Kingstown, in Cleveland County, has been on the list since early in 2020, due to financial reporting issues.
In October, 2021, Cumberland County’s Spring Lake made the list after the elected board allowed the town’s general fund to fall into a deficit.
That same month, Robersonville, in Martin County, was added to the list because it failed to file required audits for three years in a row.
In Wayne County, Pikeville incurred too much debt against too little cash, so it joined the list in April, 2021.
Eureka, also in Wayne County, illegally used unavailable fund balance to balance its sewer fund and has been on the list since 2019.
East Laurinburg, in Scotland County, made the list in November 2021, after the state auditor discovered that town funds had been expended for personal use by the town’s finance officer.
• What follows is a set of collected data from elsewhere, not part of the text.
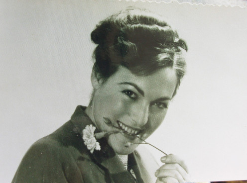 צילה רון בצעירותה; צילה ואברהם רון עם בנם, בביקור בנתיבות (עומדת לידה דניאלה מלר), 1963
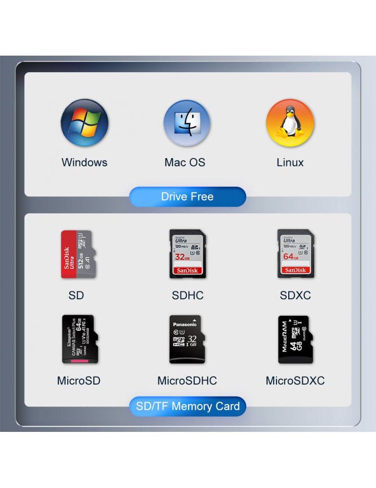 | ПОРТОВЕ | Micro SD Micro SD HC Micro SD XC SD SD HC SD XC TF card |
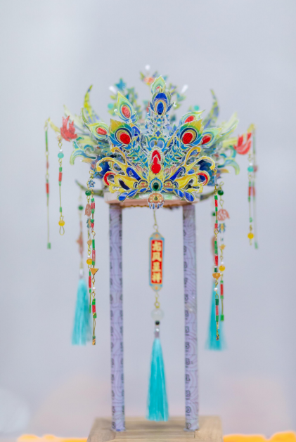 本次大赛收到的作品,题材广泛,形式多样,充分展现了创作者们的巧妙构思与精湛技艺。其中,一件名为《青鸾凤冠》的作品尤为引人注目,创作者以不同面值、不同色彩的刮刮乐彩票为材料,通过精密的裁剪和层叠拼贴,惟妙惟肖地复刻了凤冠的造型。以福彩刮刮乐饰孔雀翎羽,金翠交辉,似青鸾、凤凰为灵韵。它不仅是传统工艺的精美呈现,更寄寓着平安健康、龙丰呈祥的美好愿望;在华贵雅致之间,传递出浓厚的古典祥瑞之意,最终荣获本次大赛立体拼接组一等奖。
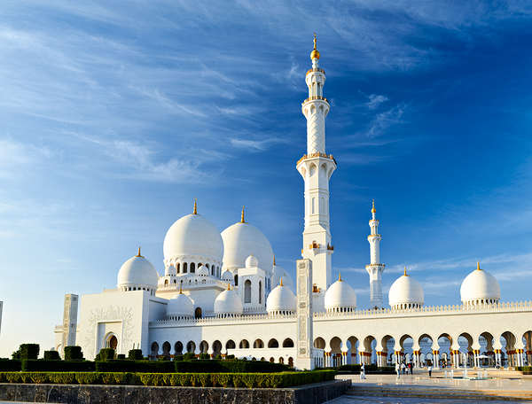 People explore the Sheikh Zayed Grand Mosque in Abu Dhabi. The sky is blue and the mosque features large domes and tall minarets.
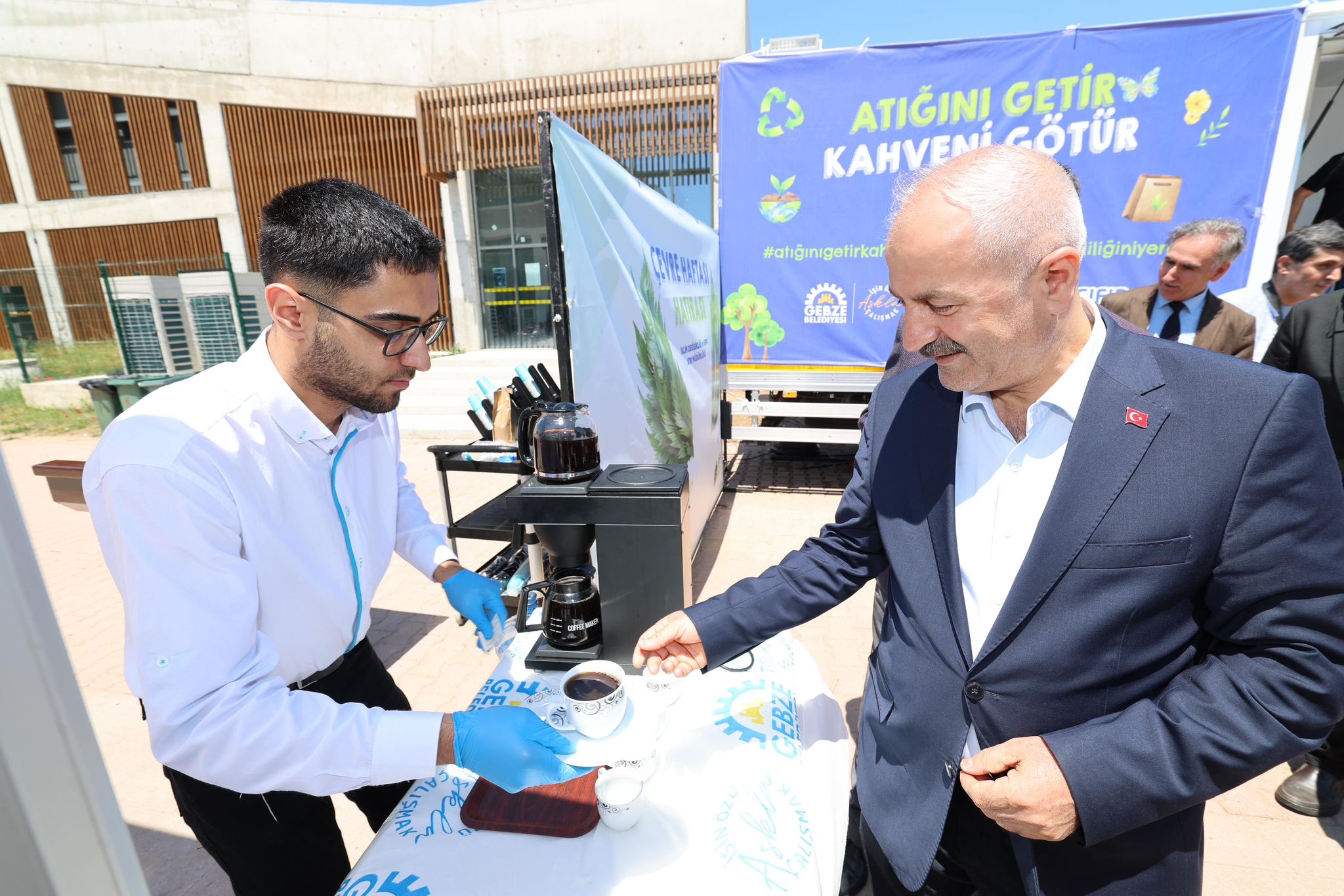 Gebze Belediyesi Temizlik İşleri Müdürlüğü, Çevre Haftası kapsamında farkındalık yaratmak amacıyla “Atığını Getir, Kahveni Götür” konseptli özel bir program başlattı. Etkinlik, çevre bilincini artırmak ve geri dönüşüm alışkanlığını teşvik etmek amacıyla Gebze Teknik Üniversitesi kampüsünde hayata geçirildi. Hizmete giren mobil atık aracının hizmete alınması programına Gebze Kaymakamı Mehmet Ali Özyiğit, Gebze Belediye Başkanı Zinnur Büyükgöz, Gebze Teknik Üniversitesi Rektörü Hacı Ali Mantar, İlçe Sağlık Müdürü İlhan Kadıoğlu, öğretim görevlileri ve öğrenciler katıldı.

But it’s not all doom and gloom at the LGC; a number of agenda items the commission ended up approving at the meeting show how a growing state and its local governments meet the needs of some of their most vulnerable residents.
The North Carolina Capital Facilities Finance Agency, which provides tax-exempt financing to nonprofits engaged in providing elementary and secondary education, won approval to issue $9.7 million in conduit revenue bonds, which will be lent to Aces for Autism, a nonprofit educational center in Winterville.
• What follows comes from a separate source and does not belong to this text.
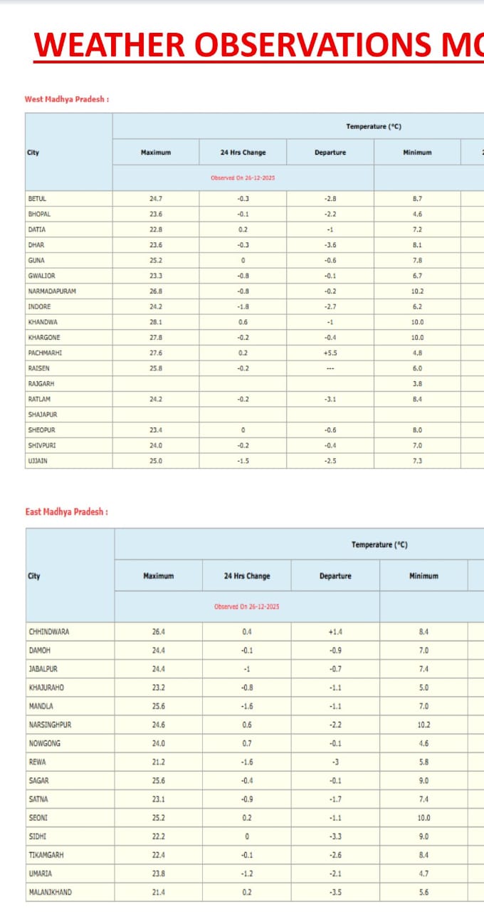 मौसम विभाग के अनुसार सिंगरौली, सीधी, रीवा, मऊगंज, सतना, पन्ना, छत्तरपुर ग्वालियर, दतिया, भिंड, उमरिया, टीकमगढ़, निवाली, मेहर में घना कोहरा छाया रहने की संभावना है।

Aces for Autism will use the money to create a 32,000 square-foot building on its 24-acre campus that will be used for everything from food service to one-on-one therapy.
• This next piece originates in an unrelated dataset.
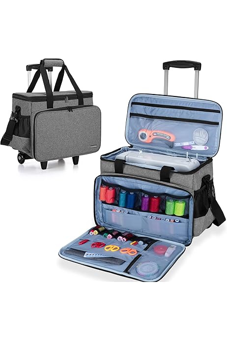 Amazon Com Lorzon Sewing Machine Case With Wheels Rolling Sewing Machine Tote For Carrying Fits For Most Machines Arts Crafts Sewing

The Raleigh Housing Authority was given permission to issue $27 million in conduit revenue bonds, which will be used for affordable housing.
The 4.6-acre project is called Millner Commons, and will transform an old Presbyterian church into 156 units available to people aged 55 and older. All units will be available to people making less than 60% of the area’s median income, with 10% of them reserved for people with incomes less than 30% of the area’s median, and another 10% reserved for people with disabilities or people who were formerly unsheltered.
A similar, much larger project was also approved by the LGC. The North Carolina Medical Care Commission can now issue $105 million in conduit revenue bonds for a 250,000 square-foot addition to The Forest at Duke, a 47-acre independent living retirement community that already has 234 independent living units, 34 assisted living units, and 58 skilled nursing beds.
The need for more housing of this type is evidenced by the fact that 93% of the proposed units are already reserved.
On a more local level, the Town of Waynesville recently appeared before the commission; this past May, the LGC approved Waynesville’s request to borrow $1.9 million to reimburse itself for a land purchase that will serve as the location for a new fire station as well as to purchase a new tanker truck and refinance existing public works building improvement debt.
A number of elected officials and municipal administrators from Western North Carolina turned up to observe the meeting in Cullowhee, including Rep. Karl Gillespie (R-Macon), Rep. Mike Clampitt (R-Swain), Jackson County Commissioner Gayle Woody and Franklin Town Manager Amie Owens, who previously spent eight years in Waynesville government.
“We do have the possibility to appear before this board. We were approved for some financing through the State Revolving Fund for our water treatment facility, our phase two on that,” Owens said. “Unfortunately, once we got the preliminary engineering report, the cost had doubled, so we do have the potential to come back and request additional funds through the SRF.”
Owens said she was using the Cullowhee meeting as an opportunity to learn more about the LGC in the event her government needs to make a request in the future.
“It was valuable because we need to know what the LGC is looking for related to information that we can provide for them or the data they can use to make their decision, so that we know exactly what they need so that we’re not stumbling around and having elongated conversations,” she said. “We just need to be succinct and have all of our information together before we get here.”